Each girl with Turner Syndrome is unique and may have different characteristics. Some girls only have a few functions, while others may have more.
These are the different problems at each stage of life that a girl with Turner syndrome may face from infancy to adulthood:
Problems during childhood
I have swollen hands and feet and difficulties in sucking and swallowing.
Problems during childhood
Hearing and vision
Middle ear infections are more common, and hearing can be affected. The eyes should be tested for myopia, squint, and ptosis (eyelid drooping).
Short stature is the most common feature of Turner syndrome. The final height can be increased through the use of growth hormones.
Learning and development
Intelligence falls into the normal range. Some may have spatial skills, resulting in difficulties with math and geometry.
Problems during adolescence
The ovaries may not function properly. Therefore, some girls may not develop secondary sexual characteristics, such as the growth of pubic hair and hair under the armpit and breast development.
Some girls can start puberty independently, but puberty can stop before girls are fully mature. Some girls may not experience any pubertal changes and need hormone replacement therapy.
Infertility is a common problem in women with Turner syndrome due to non-functioning ovaries.
Problems in adulthood
Hormone replacement therapy is necessary for non-functioning ovaries, sterility, and the risk of developing hypertension.
Heart problem: The aortic valve may be abnormal, or the base of the aorta may widen with increasing age.

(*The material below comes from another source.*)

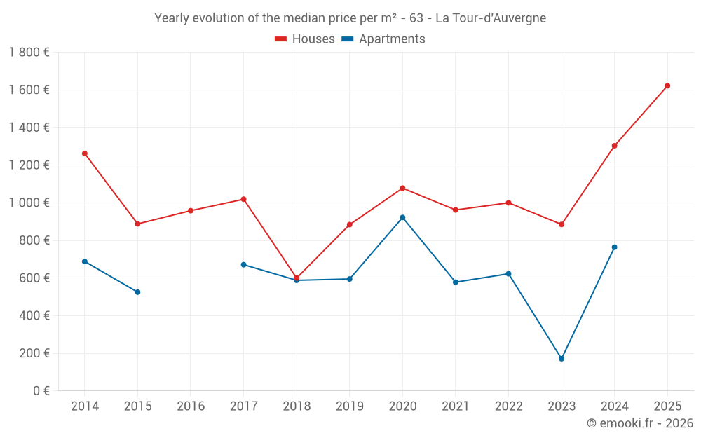 The median price on the 23 house transactions of the last 24 months in the municipality of La Tour-d'Auvergne was 1 344 € per square meter for a median property value of 95 000 €. Over this period, 60% of transactions were between 829 and 1 830 € per square meter (from the 2nd to the 8th deciles).

You may have osteoporosis (bone loss).
Diagnosis and treatment options for Turner syndrome
Although the diagnosis is made initially with physical signs, it must be confirmed with a blood test called a chromosomal karyotype.
For growing girls with short stature, growth hormone therapy can help them grow better and increase their final height.
Hormone replacement therapy is usually started around puberty to help them begin puberty or go through pubertal changes. The replacement of female hormones with estrogens is also necessary to maintain bone strength and prevent osteoporosis.